弘历无声地点了点头,一摆手,圣驾再次往宁寿宫去。红颜伏在地上,听着脚步声越来越远,身边的宝珍忽然爬了起来,什么也没说,丢下她就走开了。
第7章 宫里的人不可信
宝珍不知去了什么地方,没人叫红颜起身,她一时不明白自己能不能起来,稍稍抬头看,便见皇帝离去的路上,宝珍正站在路边与一个太监说话。
那人的服色与普通小太监不同,是跟在吴总管身边有体面的人,宫里的太监宫女都分三六九等,她魏红颜如今在皇后身边当差,也比寻常人体面许多。
可是宝珍与那人说话,却满脸让人看着发瘆的笑容。
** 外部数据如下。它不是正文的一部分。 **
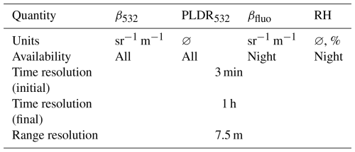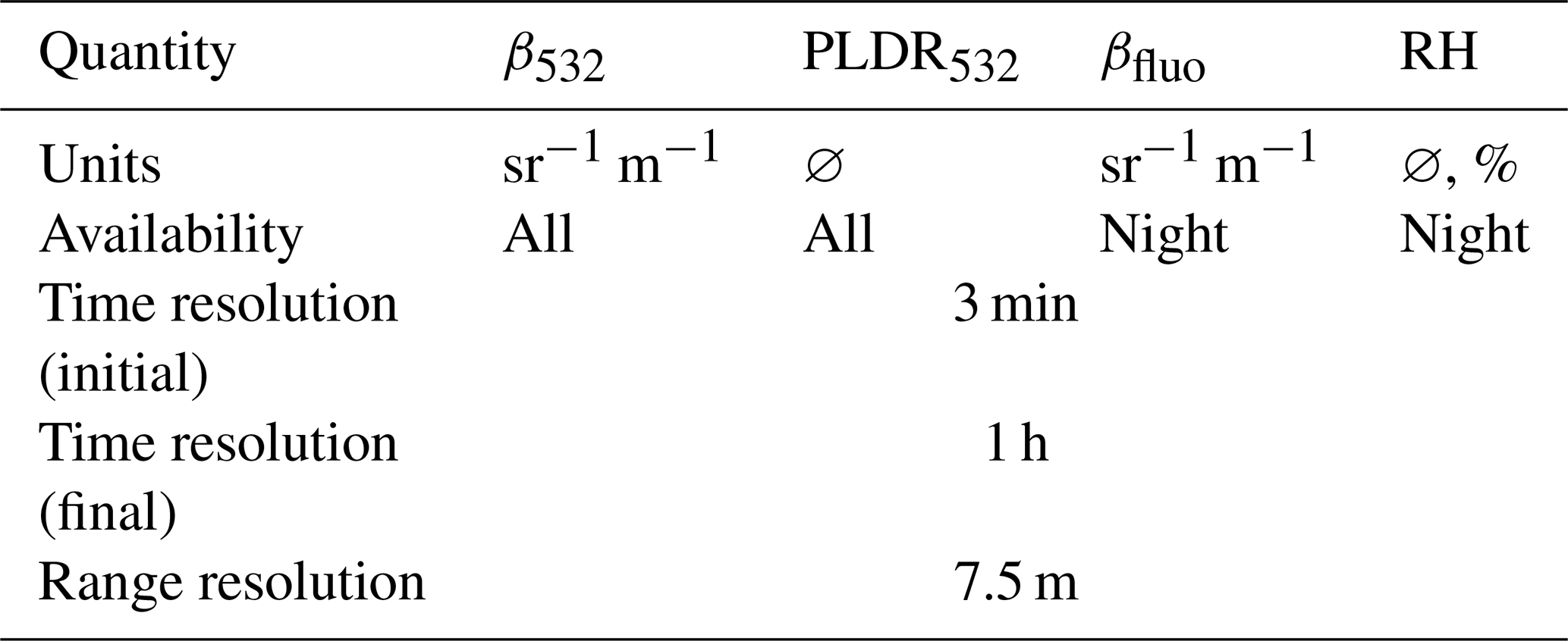 The gathered lidar profiles are inverted using the modified Raman inversion method (Ansmann et al., 1992; Veselovskii et al., 2022) used to obtain quick looks of the elastic backscatter coefficient (βλ) and the particular linear depolarization ratio (PLDR) of the aerosols at 532 nm, as well as the fluorescence backscatter coefficient (βfluo) of the aerosols and the water vapor mixing ratio, with a high temporal and vertical resolution (about 3 min and 7.5 m, respectively). In order to maximize the signal-to-noise ratio, the quick looks are averaged over a period of 1 h. Only nighttime measurements have been considered for this study because of the low intensity of fluorescence and water vapor Raman signals, which makes it difficult to obtain accurate daytime measurements. In order to calibrate the water vapor mixing ratio measured by the lidar, the method developed by Foth et al. (2015) is used with an RPG-HATPRO microwave radiometer and temperature data obtained from the ERA-5 reanalysis model. The lidar water vapor mixing ratio calibration procedure is described in Miri et al. (2024). From this calibrated measurement and with the ERA-5 temperature, the atmospheric relative humidity (RH) is computed.

红颜再傻也明白,伺候圣驾往宁寿宫去,能在半途留下来与人说话,必然是上头的意思,可这是皇帝的意思还是吴总管,难道是要悄悄交代宝珍姑姑什么话?
红颜见他们要分开,忙垂首继续伏着,她记得宝珍方才在长春宫后院对自己说的话,说之前皇后娘娘身边的人不可靠,说她们不仅要伺候主子,还要为她提防小人。可不知怎么,宝珍对那太监一脸的谄媚,让她心里很不舒服。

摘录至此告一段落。